Listen to what they say to a young woman who recently became a mother and complains of wild fatigue: “Before, they gave birth in the field, raised several and nothing. She needs a nanny — look what one!

And the term «old-timer» at 27? I am sure that it was invented by women to humiliate other women.

A world without misogyny

It turns out that we live where “you will still go on maternity leave after a while, you are not suitable for us,” and not where “you are an excellent specialist, and the theoretical possibility of going on maternity leave is not important to us.”

Internal misogyny is a tool to play off women

As long as it exists, there will be no commonality and mutual assistance between women, but only clichés, stereotypes and frames that further alienate us from each other.
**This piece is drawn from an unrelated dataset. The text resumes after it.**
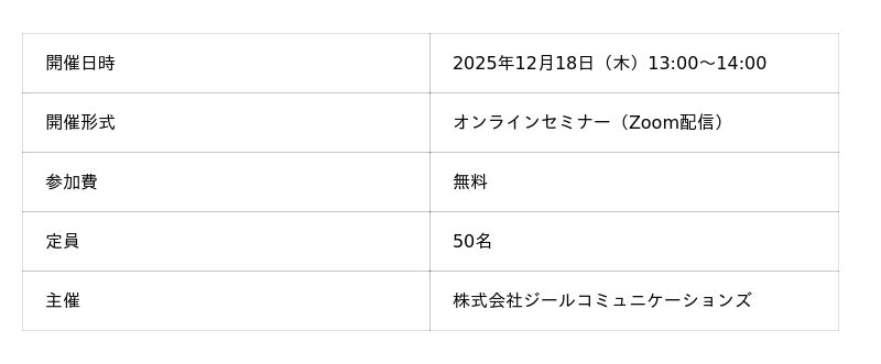 株式会社ジールコミュニケーションズ2025年12月18日(木)13:00~14:00 Zoomオンラインセミナー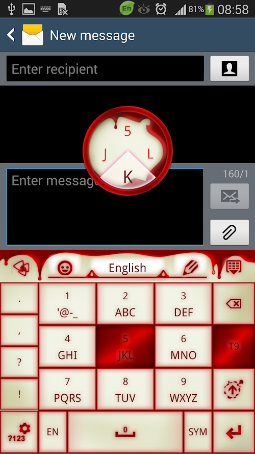 "GO Keyboard Vampire Red Blood" is a theme designed by Inner Works Studios for all who love the mysteriously romantic and dark side of the undead, vampires! The theme has shiny red colored buttons that fill with blood red when pressed. Customize your smartphone with this cool, free vampire theme! We hope you enjoy Vampire Red Blood Theme!

The eradication of misogyny begins with the elimination of one’s own attitudes and fears. Necessary: 

  • Stop criticizing women and generally divide the world into male and female. This is already the first step towards adequate perception;

  • Do not be afraid to analyze your negative emotions addressed to the first woman you meet, who lives the way you have long wanted;

  • Do not shift blame and responsibility, do not hide behind the mask of a judgmental, but get out of your own cocoon, look the problem in the eye and start working to improve your life. 

And then you will absolutely love women — their beauty, uniqueness, strength. Stop fighting a non-existent enemy, but, on the contrary, want to lend a helping hand, compassion and be loyal.